![[claude_skills.png]]
## Introduction
Imagine if you could teach Claude (Anthropic's AI assistant) how to perform specialised tasks the way you'd train a new team member. Instead of starting from scratch each time you need something done, you could package your expertise, workflows, and best practices into reusable resources that Claude automatically recognises and applies when relevant. That's the promise of Claude Skills.
Skills are **organised folders** containing **instructions, scripts, and reference materials** that Claude discovers and loads dynamically when they're needed for a task. Rather than building separate custom agents[^1] for different use cases, you can equip one Claude agent with multiple specialised capabilities. In this article, we'll explore what Skills are, how they work, why they matter, and how you can create and use them effectively.
## What Are Claude Skills?
At their core, Claude Skills are specialised knowledge packages. Each Skill is a directory containing several key components:
- **SKILL.md file** - The heart of any Skill, containing instructions and guidance that Claude follows.
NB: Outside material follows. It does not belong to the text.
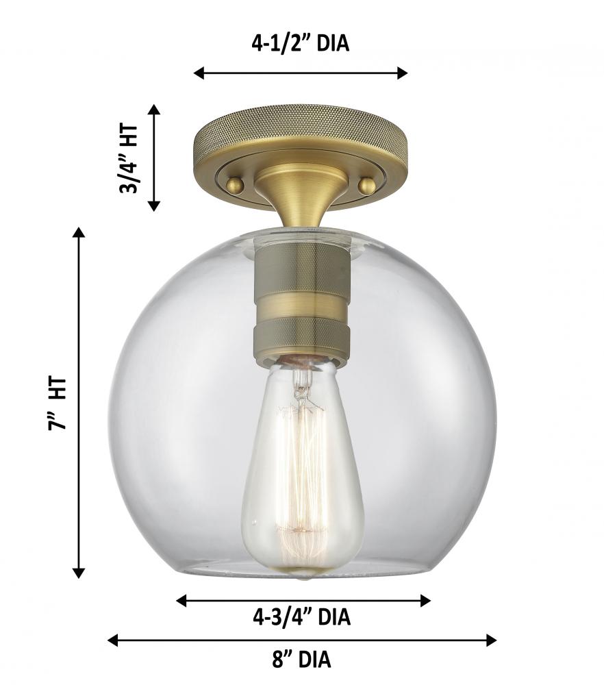 Crown Point - 1 Light - 8 inch - Brushed Brass - Clear Shade - Flush Mount

A barebones file in the least has a brief name and description that helps Claude discover when to use the Skill
- **Supporting files** - Additional markdown documents, scripts, templates, or reference materials
Think of a Skill like an onboarding guide for a new team member. Just as you'd give a new hire a handbook with procedures, templates, and reference materials, a Skill bundles everything Claude needs to excel at a specific task.
### Automatic loading
The key innovation here is *automatic loading*. Claude doesn't require you to manually select which Skill to use. Instead, Claude reads each Skill's description and intelligently determines[^2] which ones are relevant for your request. If you ask Claude to "extract text from a PDF," it automatically loads the PDF processing Skill. If you ask it to "create a PowerPoint presentation," it loads the presentation Skill. This happens invisibly: you just make your request, and Claude handles the rest.
## Why Skills Matter: The Problem They Solve
Before Skills existed, users faced a fundamental challenge: **repetition**. If you wanted Claude to follow your organisation's brand guidelines, you'd need to paste those guidelines into the chat every single time. If you wanted Claude to use specific Excel formulas or PDF processing techniques, you'd have to re-explain them repeatedly. This approach doesn't scale. It wastes tokens, clutters conversations, and forces you to remember to include context that should be permanent.
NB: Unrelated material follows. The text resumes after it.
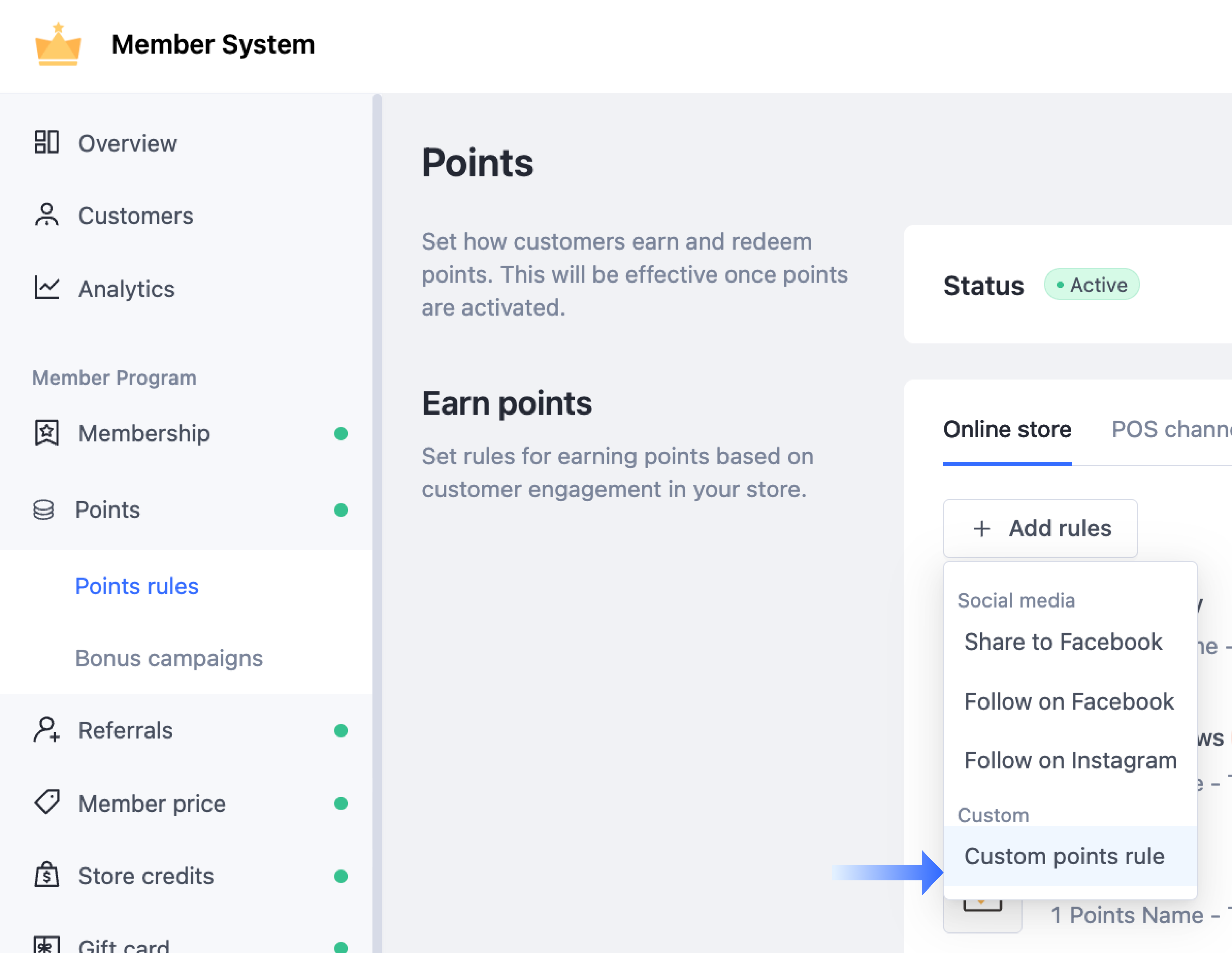 Custom Point Earning Rules in Member System

Skills solve this by creating a **central repository of expertise**. You define a workflow once, package it as a Skill, and then use it.
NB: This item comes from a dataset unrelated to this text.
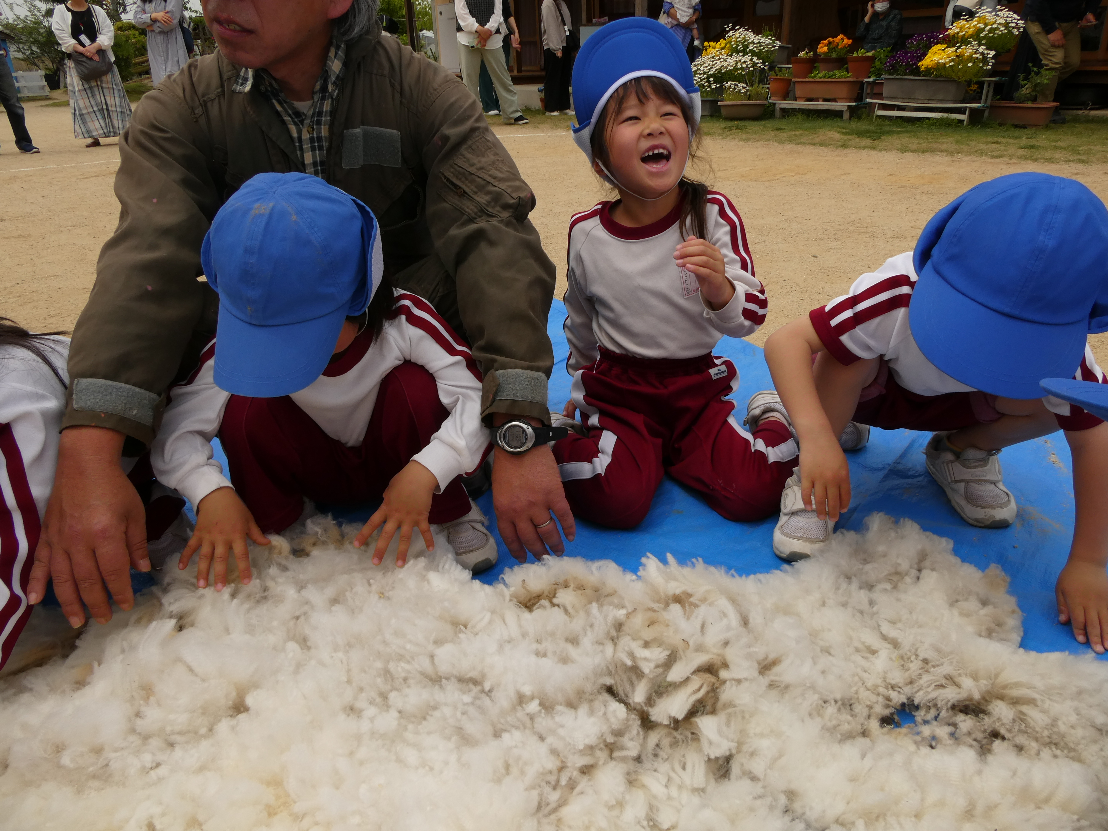 身近な環境の中で、匂いを嗅いだり、触ったり、子どもたちは羊や自然の恵みを身近に感じることが出来ます。

More fundamentally, Skills transform Claude from a general-purpose assistant into a specialised agent tailored to your needs. Instead of a single Claude that tries to handle everything adequately, you can build a Claude that's **expert at your specific domain, organisation, or use case**.
Also, what has been mentioned above only covers the aspect of using Claude as an individual. Imagine a scenario where Skills scale with a company and you share Claude skills amongst team members. That would ensure a team's standards / best practices are enforced automatically without having to micro-manage or police members (both agentic and human). Currently, this organisation-wide sharing does not exist as noted in the limitations section.
Personally, I am a huge fan of the idea of **having actual code files (like Python scripts) for some repeatable processes**. This is **deterministic code**, almost always never requires any "context". However, I also see it as a double edged sword as having scripts with external dependencies might add some additional overhead.
## How Skills Work: The Three-Layer Architecture
Understanding how Skills work means grasping three key concepts - progressive disclosure, three types of content, and the filesystem-based architecture.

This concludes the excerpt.